Saved entries
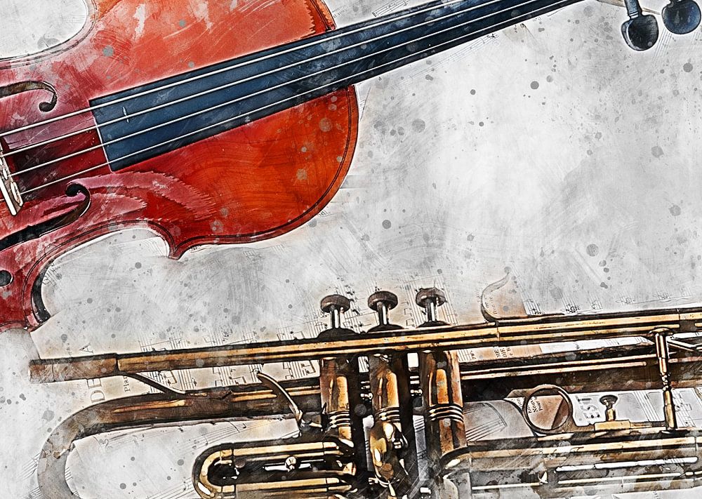 Buy this illustration Violin and Trumpet by Mateo on canvas, ArtFrame, poster and wallpaper, printed on demand in high quality.
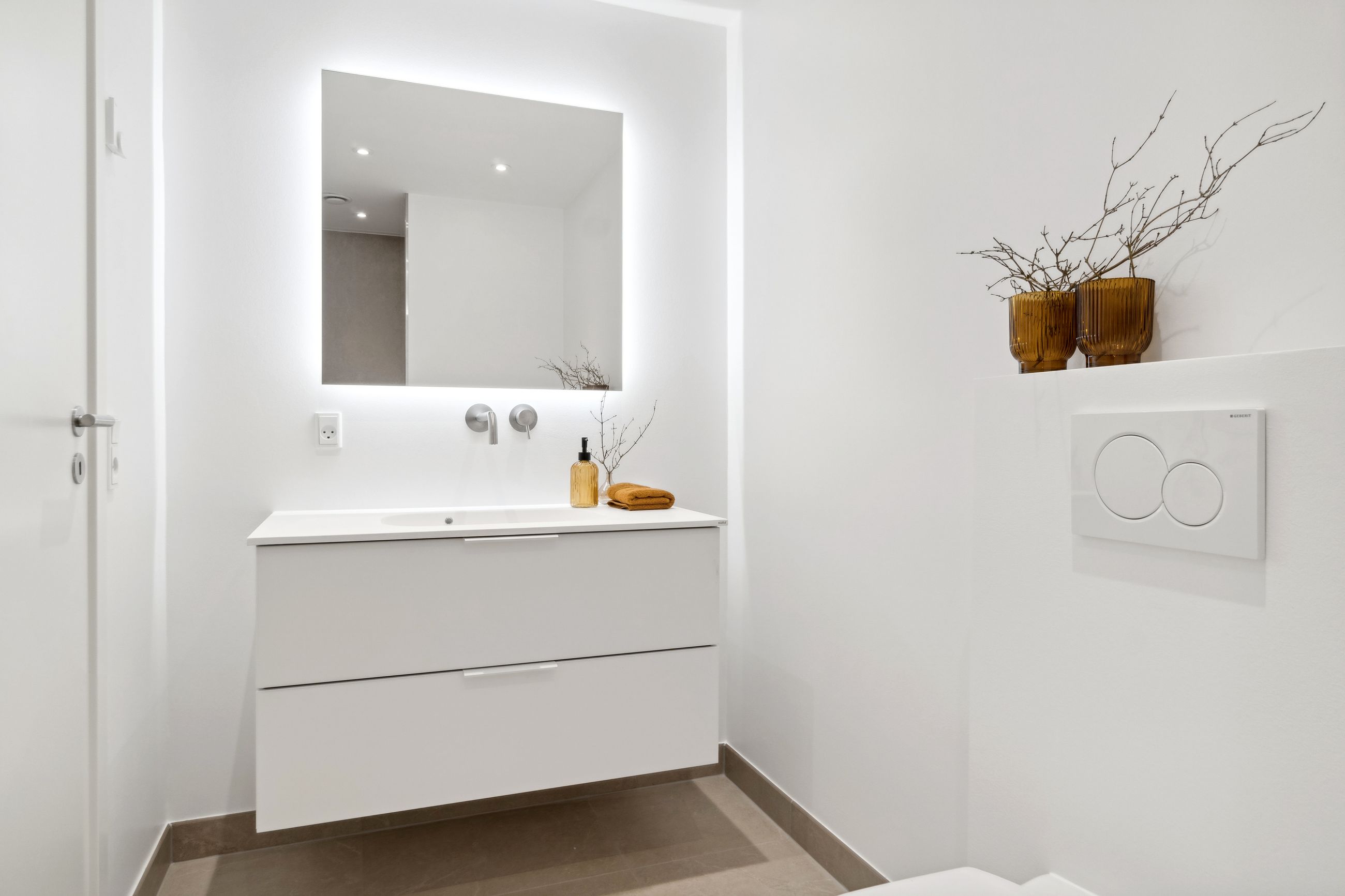 Hver lejlighed er udstyret med selvstændige forsyninger af varme, el og vand, moderne hvidevarer – herunder Siemens-køkken med to ovne og kogende vandhane – samt egen vaskemaskine og tørretumbler. Gulvvarme overalt sikrer ekstra komfort, og Nilan friskluftsystemet sørger for frisk luft i hjemmet.
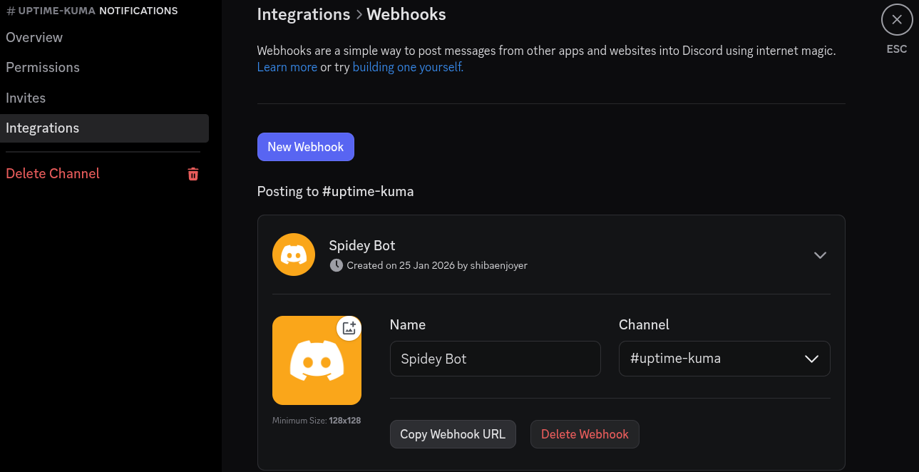 Ensuite, je configure le Webhook en me rendant dans les paramètres du salon, onglet Intégrations, puis en cliquant sur "Créer un Webhook". Une fois généré, je copie son URL (lien).
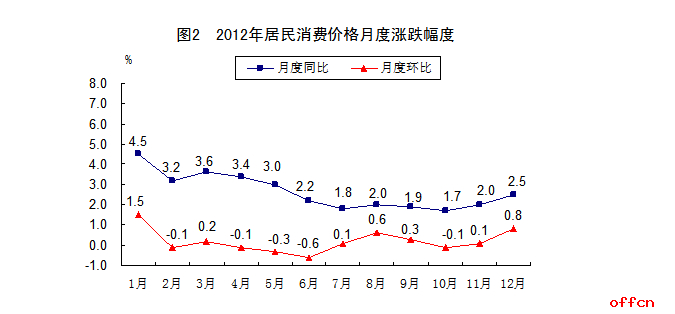全年居民消费价格比上年上涨2.6%,其中食品价格上涨4.8%。固定资产投资价格上涨1.1%。工业生产者出厂价格下降1.7%。工业生产者购进价格下降1.8%。农产品生产者价格上涨2.7%。
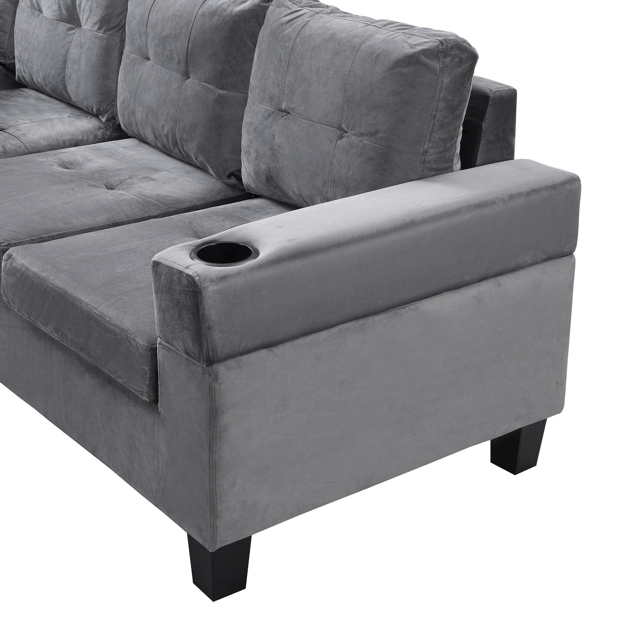 Home > Sectional Sofa Set for Living Room with L Shape Chaise Lounge ,cup holder and Left Hand with Storage Chaise Modern 4 Seat (Grey)
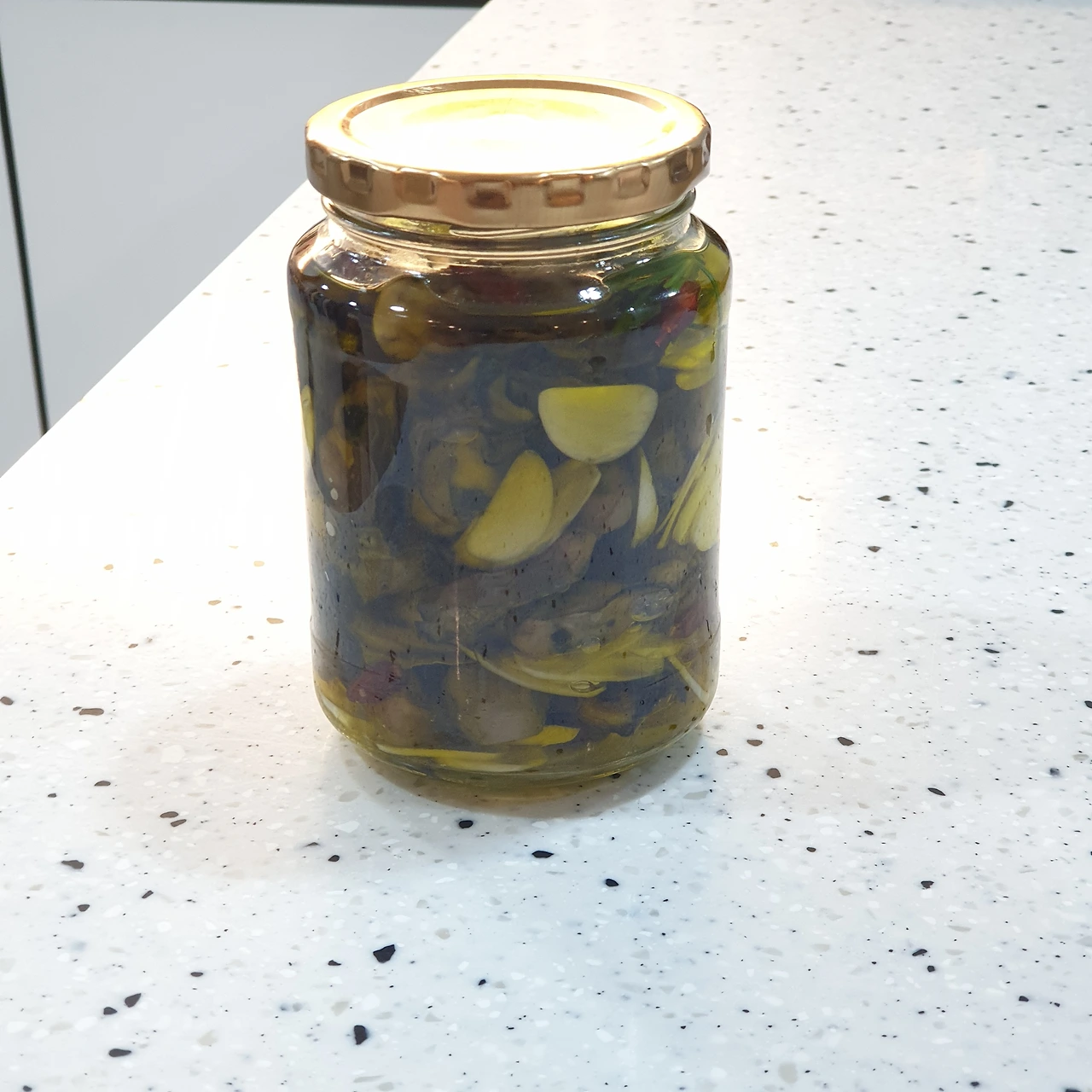 골고루 넣고 맨 위에 로즈마리 하나를 얹히고 올리브유로 꽉 채워주면 완성이다.
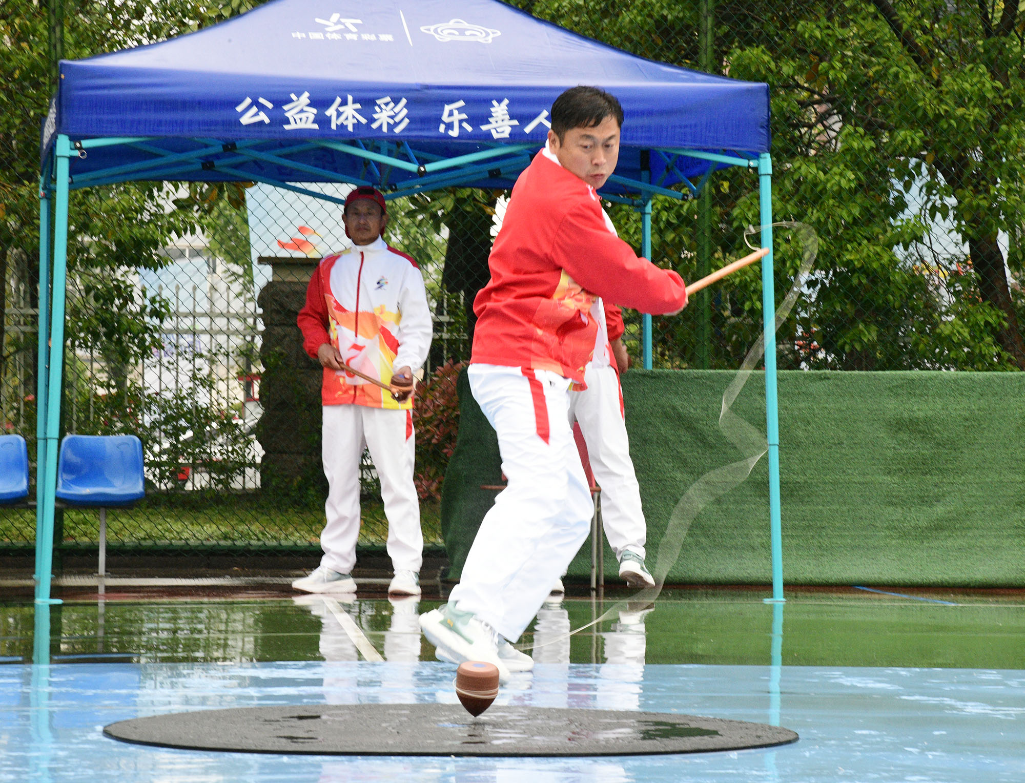 陀螺比賽中,運(yùn)動員在放球。記者 梁照曾 攝

**Aim of the task**
All lines from the one with "Ensuite, je configure" through the end of the records above must be reproduced exactly, both ends included, and the pictures must be left out.

**Answer to this task**
 Ensuite, je configure le Webhook en me rendant dans les paramètres du salon, onglet Intégrations, puis en cliquant sur "Créer un Webhook". Une fois généré, je copie son URL (lien).
全年居民消费价格比上年上涨2.6%,其中食品价格上涨4.8%。固定资产投资价格上涨1.1%。工业生产者出厂价格下降1.7%。工业生产者购进价格下降1.8%。农产品生产者价格上涨2.7%。
 Home > Sectional Sofa Set for Living Room with L Shape Chaise Lounge ,cup holder and Left Hand with Storage Chaise Modern 4 Seat (Grey)
 골고루 넣고 맨 위에 로즈마리 하나를 얹히고 올리브유로 꽉 채워주면 완성이다.
 陀螺比賽中,運(yùn)動員在放球。記者 梁照曾 攝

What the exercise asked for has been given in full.